WHAT YOU HAVE TO DO:
Every line of the listing below is to be duplicated exactly, with the pictures left out.

DATA PROVIDED:
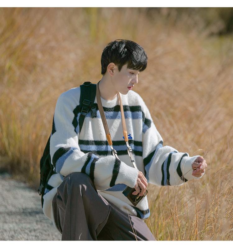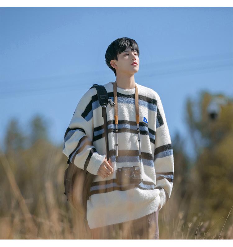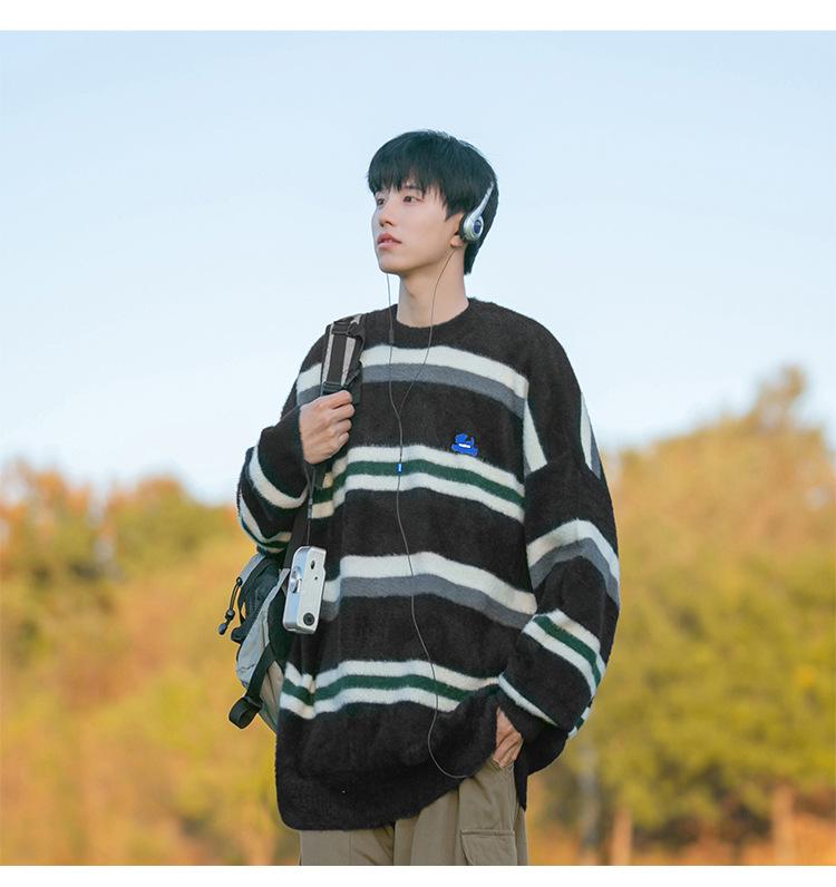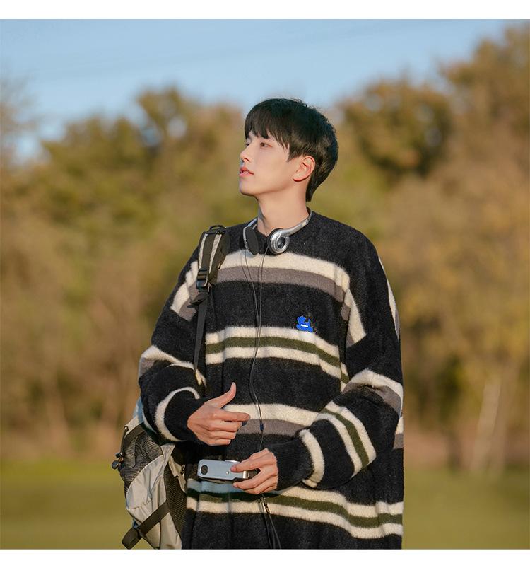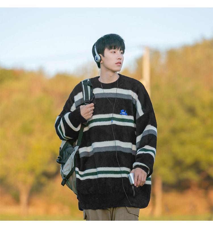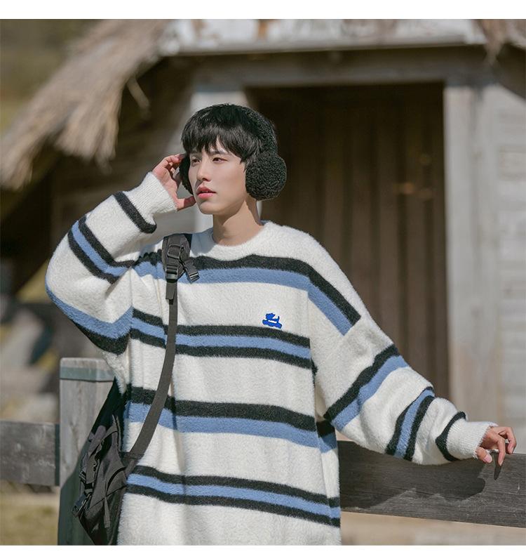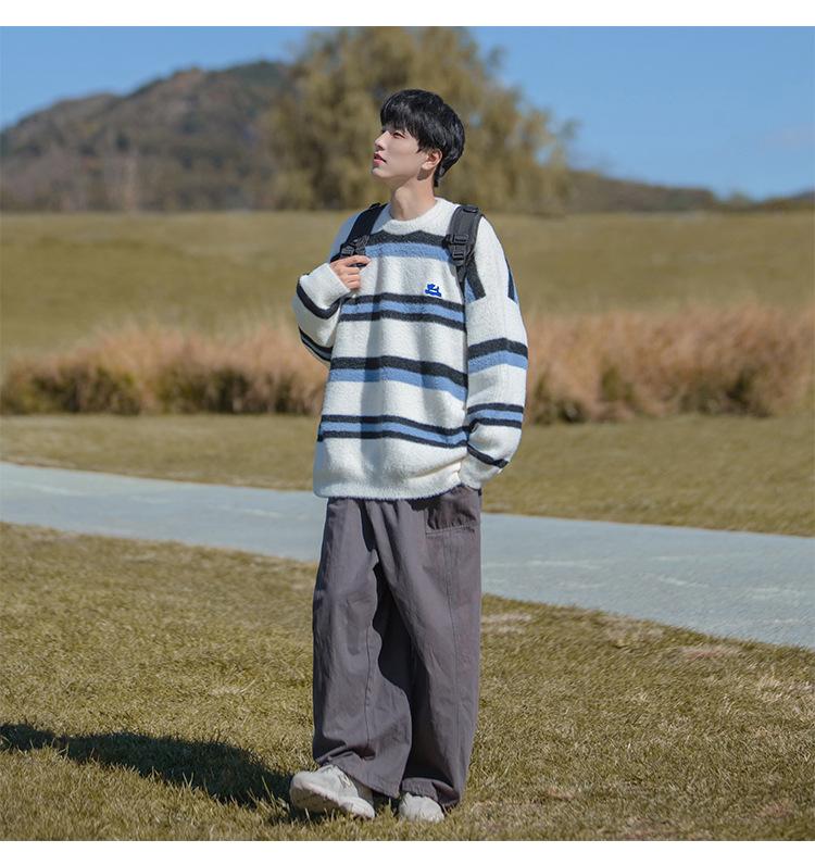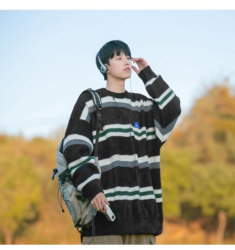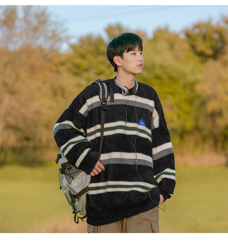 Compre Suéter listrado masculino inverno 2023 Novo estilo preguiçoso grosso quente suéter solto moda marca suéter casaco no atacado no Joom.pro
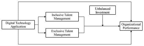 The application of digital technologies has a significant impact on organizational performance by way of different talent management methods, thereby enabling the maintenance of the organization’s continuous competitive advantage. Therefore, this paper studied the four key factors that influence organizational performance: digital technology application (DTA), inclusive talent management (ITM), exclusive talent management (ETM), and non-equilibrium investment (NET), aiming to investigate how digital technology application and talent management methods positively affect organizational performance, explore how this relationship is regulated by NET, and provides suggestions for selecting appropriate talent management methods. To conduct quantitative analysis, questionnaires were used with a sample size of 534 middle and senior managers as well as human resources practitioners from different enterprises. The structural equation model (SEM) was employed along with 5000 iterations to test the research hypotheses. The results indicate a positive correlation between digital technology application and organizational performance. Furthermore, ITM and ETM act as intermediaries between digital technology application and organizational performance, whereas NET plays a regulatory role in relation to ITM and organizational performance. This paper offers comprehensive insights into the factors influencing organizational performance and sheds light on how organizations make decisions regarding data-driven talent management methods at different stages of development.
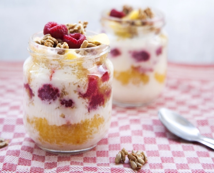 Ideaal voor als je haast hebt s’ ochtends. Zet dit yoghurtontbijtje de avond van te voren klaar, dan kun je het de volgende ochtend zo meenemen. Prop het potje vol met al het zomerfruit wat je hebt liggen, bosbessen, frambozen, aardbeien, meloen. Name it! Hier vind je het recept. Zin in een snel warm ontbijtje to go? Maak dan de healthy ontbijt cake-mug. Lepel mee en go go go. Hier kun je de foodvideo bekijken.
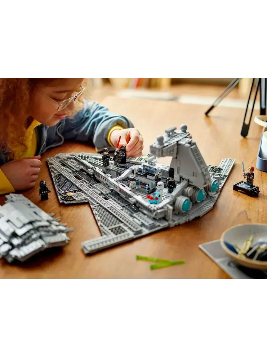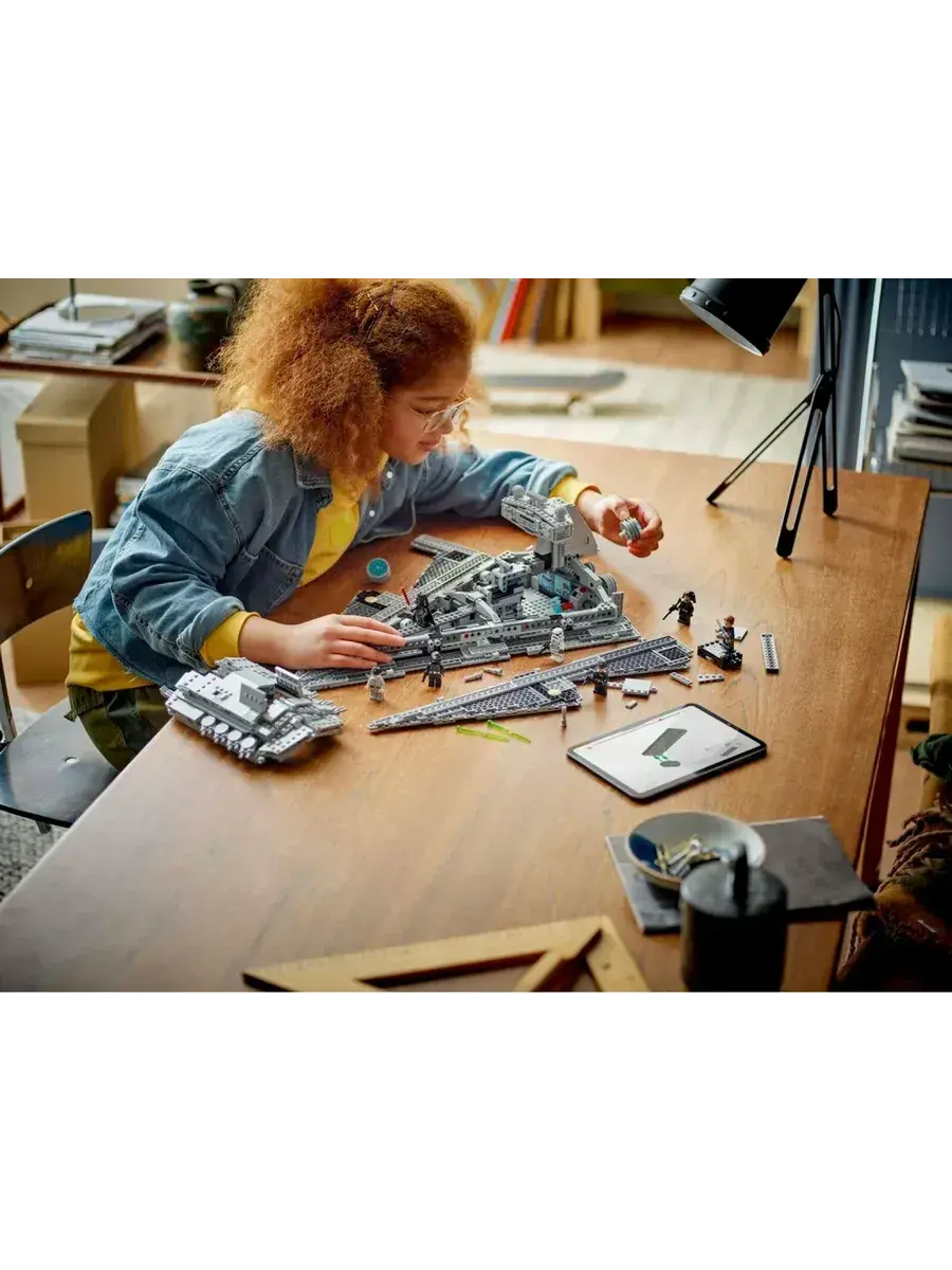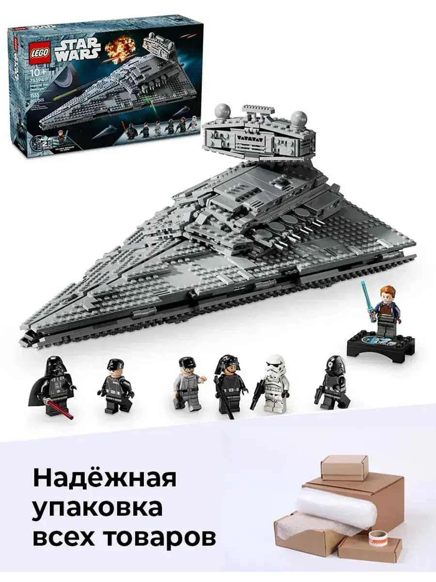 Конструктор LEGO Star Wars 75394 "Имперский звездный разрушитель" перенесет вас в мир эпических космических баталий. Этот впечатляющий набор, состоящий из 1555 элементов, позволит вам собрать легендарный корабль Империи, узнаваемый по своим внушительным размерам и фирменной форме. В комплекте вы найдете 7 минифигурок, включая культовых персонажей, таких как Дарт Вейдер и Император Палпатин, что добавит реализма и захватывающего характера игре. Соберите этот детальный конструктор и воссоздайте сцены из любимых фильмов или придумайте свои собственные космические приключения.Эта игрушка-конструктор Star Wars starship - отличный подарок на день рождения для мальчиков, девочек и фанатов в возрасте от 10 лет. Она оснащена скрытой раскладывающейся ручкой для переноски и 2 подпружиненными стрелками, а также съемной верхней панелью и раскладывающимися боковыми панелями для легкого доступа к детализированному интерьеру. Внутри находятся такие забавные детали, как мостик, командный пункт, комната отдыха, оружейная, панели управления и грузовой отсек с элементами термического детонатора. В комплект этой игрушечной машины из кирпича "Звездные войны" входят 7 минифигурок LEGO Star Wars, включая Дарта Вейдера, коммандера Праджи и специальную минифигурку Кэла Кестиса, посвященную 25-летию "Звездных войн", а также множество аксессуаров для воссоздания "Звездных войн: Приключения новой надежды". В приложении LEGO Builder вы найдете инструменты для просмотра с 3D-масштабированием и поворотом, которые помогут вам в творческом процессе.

EXERCISE ANSWER:
 Compre Suéter listrado masculino inverno 2023 Novo estilo preguiçoso grosso quente suéter solto moda marca suéter casaco no atacado no Joom.pro
 The application of digital technologies has a significant impact on organizational performance by way of different talent management methods, thereby enabling the maintenance of the organization’s continuous competitive advantage. Therefore, this paper studied the four key factors that influence organizational performance: digital technology application (DTA), inclusive talent management (ITM), exclusive talent management (ETM), and non-equilibrium investment (NET), aiming to investigate how digital technology application and talent management methods positively affect organizational performance, explore how this relationship is regulated by NET, and provides suggestions for selecting appropriate talent management methods. To conduct quantitative analysis, questionnaires were used with a sample size of 534 middle and senior managers as well as human resources practitioners from different enterprises. The structural equation model (SEM) was employed along with 5000 iterations to test the research hypotheses. The results indicate a positive correlation between digital technology application and organizational performance. Furthermore, ITM and ETM act as intermediaries between digital technology application and organizational performance, whereas NET plays a regulatory role in relation to ITM and organizational performance. This paper offers comprehensive insights into the factors influencing organizational performance and sheds light on how organizations make decisions regarding data-driven talent management methods at different stages of development.
 Ideaal voor als je haast hebt s’ ochtends. Zet dit yoghurtontbijtje de avond van te voren klaar, dan kun je het de volgende ochtend zo meenemen. Prop het potje vol met al het zomerfruit wat je hebt liggen, bosbessen, frambozen, aardbeien, meloen. Name it! Hier vind je het recept. Zin in een snel warm ontbijtje to go? Maak dan de healthy ontbijt cake-mug. Lepel mee en go go go. Hier kun je de foodvideo bekijken.
 Конструктор LEGO Star Wars 75394 "Имперский звездный разрушитель" перенесет вас в мир эпических космических баталий. Этот впечатляющий набор, состоящий из 1555 элементов, позволит вам собрать легендарный корабль Империи, узнаваемый по своим внушительным размерам и фирменной форме. В комплекте вы найдете 7 минифигурок, включая культовых персонажей, таких как Дарт Вейдер и Император Палпатин, что добавит реализма и захватывающего характера игре. Соберите этот детальный конструктор и воссоздайте сцены из любимых фильмов или придумайте свои собственные космические приключения.Эта игрушка-конструктор Star Wars starship - отличный подарок на день рождения для мальчиков, девочек и фанатов в возрасте от 10 лет. Она оснащена скрытой раскладывающейся ручкой для переноски и 2 подпружиненными стрелками, а также съемной верхней панелью и раскладывающимися боковыми панелями для легкого доступа к детализированному интерьеру. Внутри находятся такие забавные детали, как мостик, командный пункт, комната отдыха, оружейная, панели управления и грузовой отсек с элементами термического детонатора. В комплект этой игрушечной машины из кирпича "Звездные войны" входят 7 минифигурок LEGO Star Wars, включая Дарта Вейдера, коммандера Праджи и специальную минифигурку Кэла Кестиса, посвященную 25-летию "Звездных войн", а также множество аксессуаров для воссоздания "Звездных войн: Приключения новой надежды". В приложении LEGO Builder вы найдете инструменты для просмотра с 3D-масштабированием и поворотом, которые помогут вам в творческом процессе.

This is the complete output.